PhyNetPy Documentation

Library for the Development and Use of Phylogenetic Network Methods

BirthDeath Module v2.0.0

Birth-death process network simulators (Yule and CBDP models).

Author:
Mark Kessler
Last Edit:
11/10/25
Source:
BirthDeath.py

Constants

TIP_ERROR_THRESHOLD : float = 5 * 1000.0

Exceptions

exception BirthDeathSimulationError(Exception)

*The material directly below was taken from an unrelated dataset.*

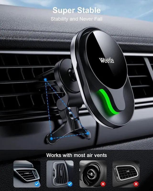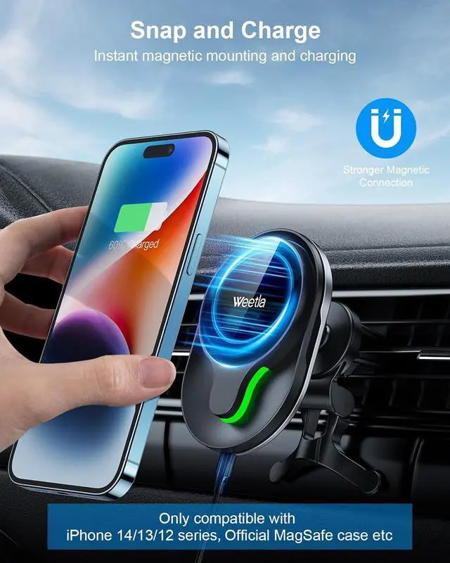 Compatibility NoteThis magnetic wireless car charger is only compatible with iPhone 14/13/12 series, Official MagSafe case etc
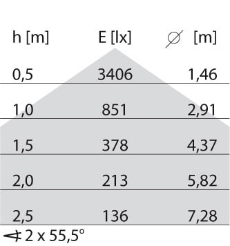 faible éblouissement selon EN 12464-1 (UGR Inf. à 19):

This exception is thrown whenever something irrecoverably wrong happens during the process of generating a network within the Yule or CBDP algorithm

Yule

class Yule

The Yule class represents a pure birth model for simulating networks of a fixed (n) amount of extant taxa. gamma -- the birth rate. A larger birth rate will result in shorter branch lengths and a younger network. Value should be a non-negative real number. n -- number of extant taxa at the end of simulation time -- if conditioning on time, the age of the tree to be simulated rng -- numpy random number generator for drawing speciation times

Constructor

__init__(gamma: float, n: Union[int, None] = None, time: Union[float, None] = None, rng: Union[np.random.Generator, None] = None) -> None
Parameter Type Description
gamma Union[float, None] Birth rate. Should be strictly positive.
n Union[int, None], optional Number of taxa in simulated network. Defaults to None.
time Union[float, None], optional Age of simulated network, alternative to simulating to a number of taxa. Defaults to None.
rng Union[np.random.Generator, None], optional A random number generator. This input allows for consistent generation if a seed is given, generally for debugging. Defaults to None.
Raises: BirthDeathSimulationError: If something goes wrong simulating networks.

Methods

set_time(value: float) -> None

Set simulated network age

Parameter Type Description
value float The age of any future simulated trees
Raises: BirthDeathSimulationError: if value <= 0
set_taxa(value: int) -> None

Set simulated tree taxa count

Parameter Type Description
value int an integer >= 2
Raises: BirthDeathSimulationError: if value < 2
set_gamma(new_gamma: float) -> None

Setter for the gamma (birth rate) parameter

Parameter Type Description
new_gamma float the new birth rate
Raises: BirthDeathSimulationError: if new_gamma <= 0
generate_network -> Network

Simulate one Network. Starts with a root and 2 living lineages and then continuously runs speciation (in this case birth only) events until there are exactly N live species. After the nth event, draw one more time and fill out the remaining branch lengths.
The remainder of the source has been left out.